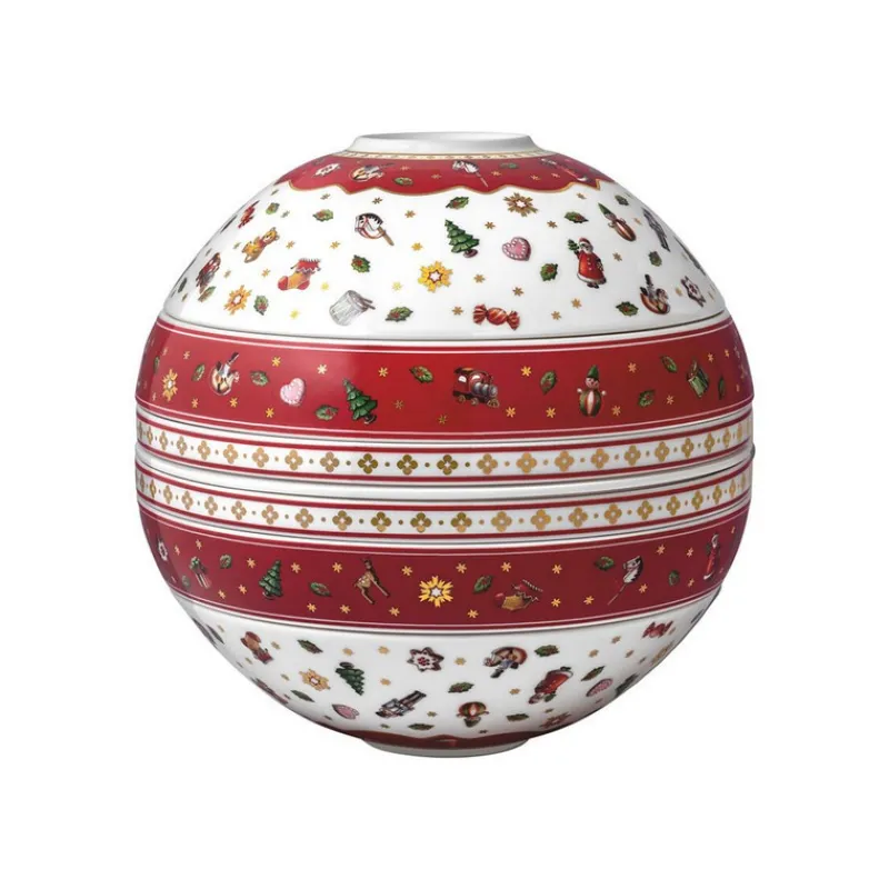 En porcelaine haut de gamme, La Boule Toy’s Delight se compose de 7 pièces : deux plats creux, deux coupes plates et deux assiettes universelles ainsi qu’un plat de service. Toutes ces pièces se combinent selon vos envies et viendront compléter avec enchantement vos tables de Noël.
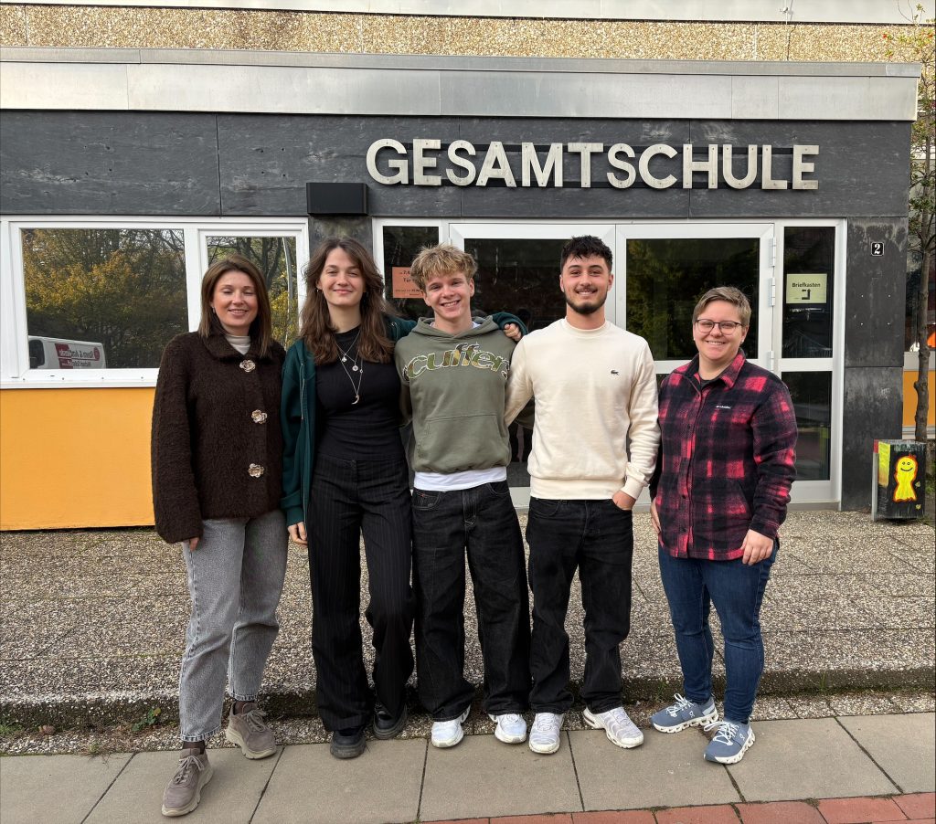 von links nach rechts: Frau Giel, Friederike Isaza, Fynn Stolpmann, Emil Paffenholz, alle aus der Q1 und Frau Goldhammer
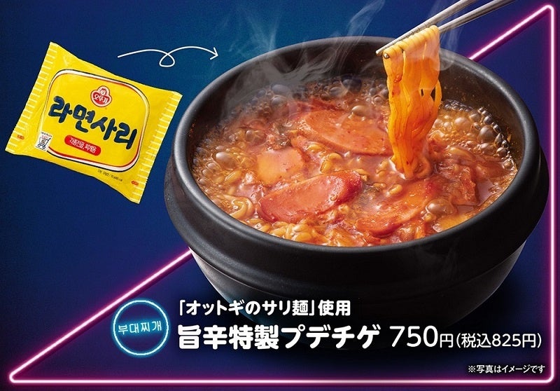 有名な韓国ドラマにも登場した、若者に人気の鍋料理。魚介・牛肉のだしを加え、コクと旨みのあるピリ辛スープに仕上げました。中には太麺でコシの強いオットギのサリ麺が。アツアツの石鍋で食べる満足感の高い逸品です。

◇ ◇ ◇ ◇

All of the lines above should be copied exactly, apart from the pictures.

- Answer to the exercise:
 En porcelaine haut de gamme, La Boule Toy’s Delight se compose de 7 pièces : deux plats creux, deux coupes plates et deux assiettes universelles ainsi qu’un plat de service. Toutes ces pièces se combinent selon vos envies et viendront compléter avec enchantement vos tables de Noël.
 von links nach rechts: Frau Giel, Friederike Isaza, Fynn Stolpmann, Emil Paffenholz, alle aus der Q1 und Frau Goldhammer
 有名な韓国ドラマにも登場した、若者に人気の鍋料理。魚介・牛肉のだしを加え、コクと旨みのあるピリ辛スープに仕上げました。中には太麺でコシの強いオットギのサリ麺が。アツアツの石鍋で食べる満足感の高い逸品です。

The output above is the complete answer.